7. There is a substantial defence industrial footprint in Scotland, ranging from design, manufacture, assembly and maintenance of complex warships on the Clyde and at Rosyth to the latest high-tech innovations in aerospace engineering, defence electronics and electro-optical systems in companies based right throughout Scotland. As part of the UK defence industry, the defence industry in Scotland has a highly skilled workforce and plays a key role in equipping and supporting the UK armed forces. Many of the Ministry of Defence’s prime contractors have sites in Scotland, including: BAE Systems, Raytheon, Rolls-Royce, Selex Galileo, Thales and Babcock Marine. UK defence contracts sustain thousands of skilled jobs in Scotland and generate billions of pounds for the economy.
8. The shipbuilding industry in Scotland forms a substantial part of the UK’s shipbuilding industry and is a major beneficiary of UK defence contracts. These currently include building and assembling Type 45 destroyers and the Queen Elizabeth Class aircraft carriers. Work in Scottish yards on the carriers is estimated to be worth about £1.3 billion and is anticipated to create or sustain nearly 5,000 jobs, including hundreds of apprentices.
9. It is important to understand that defence of the UK is planned, organised, resourced and managed on a UK basis to meet the needs of the UK as a whole. Defence capabilities and facilities are not operated by reference to the constituent parts of the UK they happen to be in, but are provided for the whole of the UK. Equally, defence goals are those for the UK as a whole rather than goals agreed by each of its constituent parts.
10. The UK has the fourth largest defence budget in the world. Agreed funding for defence over the period 2011/12 to 2014/15 is some £34 billion per year, which meets the NATO target to devote at least 2% of Gross Domestic Product to defence.
11. The UK armed forces are part of a single defence organisation and are directed and controlled through a single command chain. They are enabled and supported by single procurement, logistics, infrastructure, information, training and administrative structures and services.
12. It is important to emphasise that all parts of the UK gain significant benefits from the provision of defence on a UK basis. The formulation of defence policy and strategy and the planning and delivery of defence on a UK basis provides high levels of protection and security for England, Scotland, Wales and Northern Ireland, as well as the Overseas Territories, the Channel Islands and the Isle of Man and British citizens abroad. As an integral part of the UK, Scotland receives the full benefits of this protection and security.
13. Defence of the UK is set within the overarching policy framework provided by the UK National Security Strategy and Strategic Defence and Security Review under the National Security Council, integrating the work of the foreign, defence, home, energy and international development departments and all other arms of government contributing to national security.

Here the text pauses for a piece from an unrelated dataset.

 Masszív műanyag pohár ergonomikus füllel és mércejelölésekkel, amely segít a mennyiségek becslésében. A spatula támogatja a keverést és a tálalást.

14. UK defence capabilities include: the strategic nuclear deterrent; integrated, highly capable and well equipped naval, land and air forces, including reserves; and specialist capabilities such as command, control and communications, logistics, intelligence, special forces and cyber.
15. The UK also has a strong network of alliances and relationships: principally with the United States of America, but also as a leading member of the European Union and NATO, and a permanent member of the United Nations Security Council. These allow the UK to exercise significant global influence.

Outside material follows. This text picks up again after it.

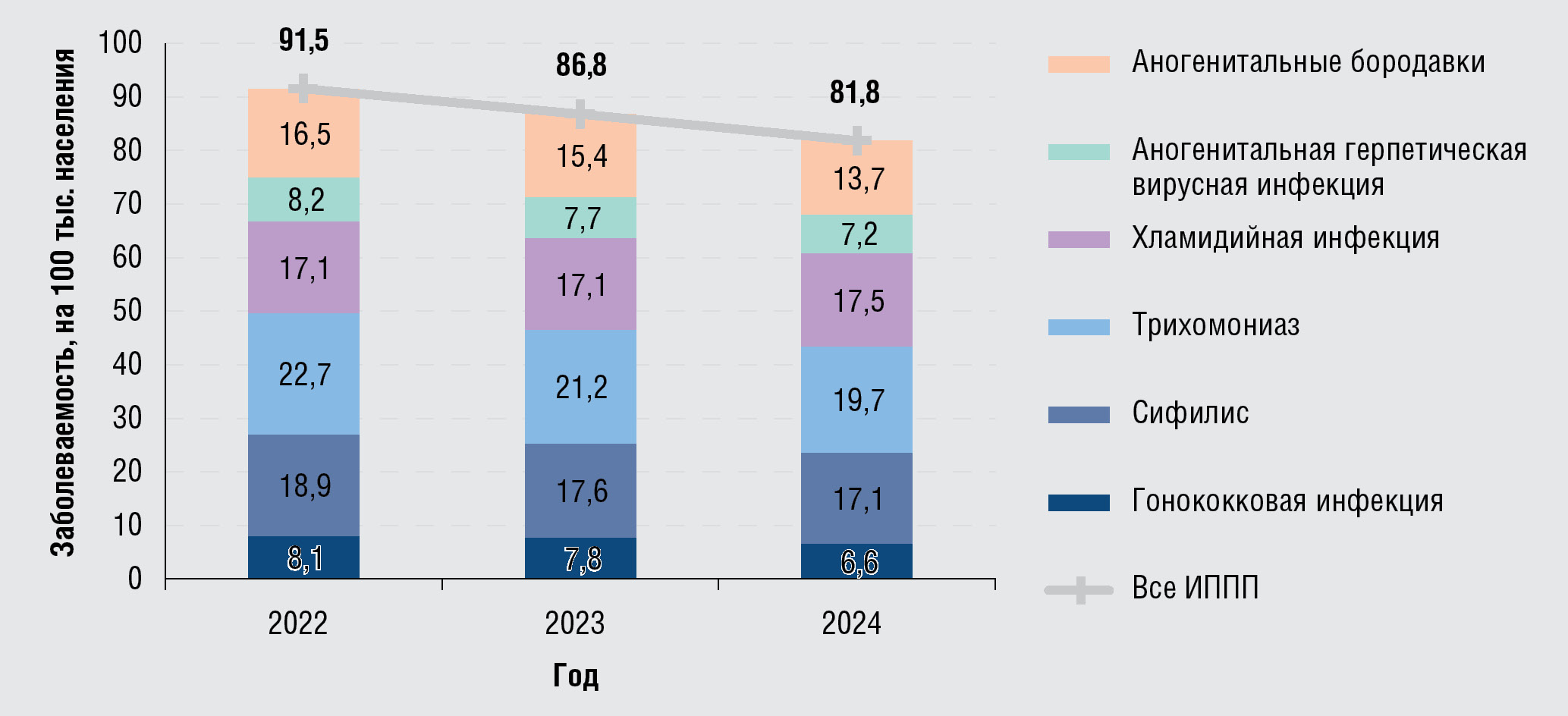 За рассматриваемый период 2022–2024 гг. заболеваемость инфекциями, передаваемыми половым путем, в Российской Федерации снизилась на 10,6%. Наиболее интенсивным было снижение заболеваемости гонококковой инфекцией (на 18,5%, с 8,1 на 100 тыс. населения в 2022 г. до 6,6 на 100 тыс. населения в 2024 г.) и аногенитальными (венерическими) бородавками (на 17,0%, с 16,5 до 13,7 на 100 тыс. населения соответственно). Заболеваемость трихомониазом за период 2022–2024 гг. снизилась на 13,2% (с 22,7 до 19,7 на 100 тыс. населения), аногенитальной герпетической вирусной инфекцией — на 12,2% (с 8,2 до 7,2 на 100 тыс. населения), сифилисом — на 9,5% (с 18,9 до 17,1 на 100 тыс. населения). Уровень заболеваемости хламидийной инфекцией в 2024 г. на 2,3% выше, чем в 2022 и 2023 гг. (17,5 в 2024 г. по сравнению с 17,1 на 100 тыс. населения в 2022 и 2023 гг.).

16. The UK is one of the largest contributors to NATO, in operational, military, financial and political terms. The UK makes a major contribution to international security through the Alliance in terms of the full spectrum of capabilities it makes available to NATO and its willingness to deploy them. As such we exert significant influence on decision-making within the Alliance. This strong active presence helps the UK enormously to fulfil our security and foreign policy objectives.
17. Together these capabilities, alliances and relationships: ensure national security and resilience, protecting our people, economy, infrastructure, territory and way of life from all major risks that can affect us directly; and help to shape a stable world through actions beyond our borders to reduce the likelihood of specific risks affecting the UK or our direct interests overseas. The current highest priority risks are those from terrorism, cyber attack, international military crises and major accidents or natural hazards.
The implications for that defence should Scotland become independent, including those for personnel currently serving in the Armed Forces.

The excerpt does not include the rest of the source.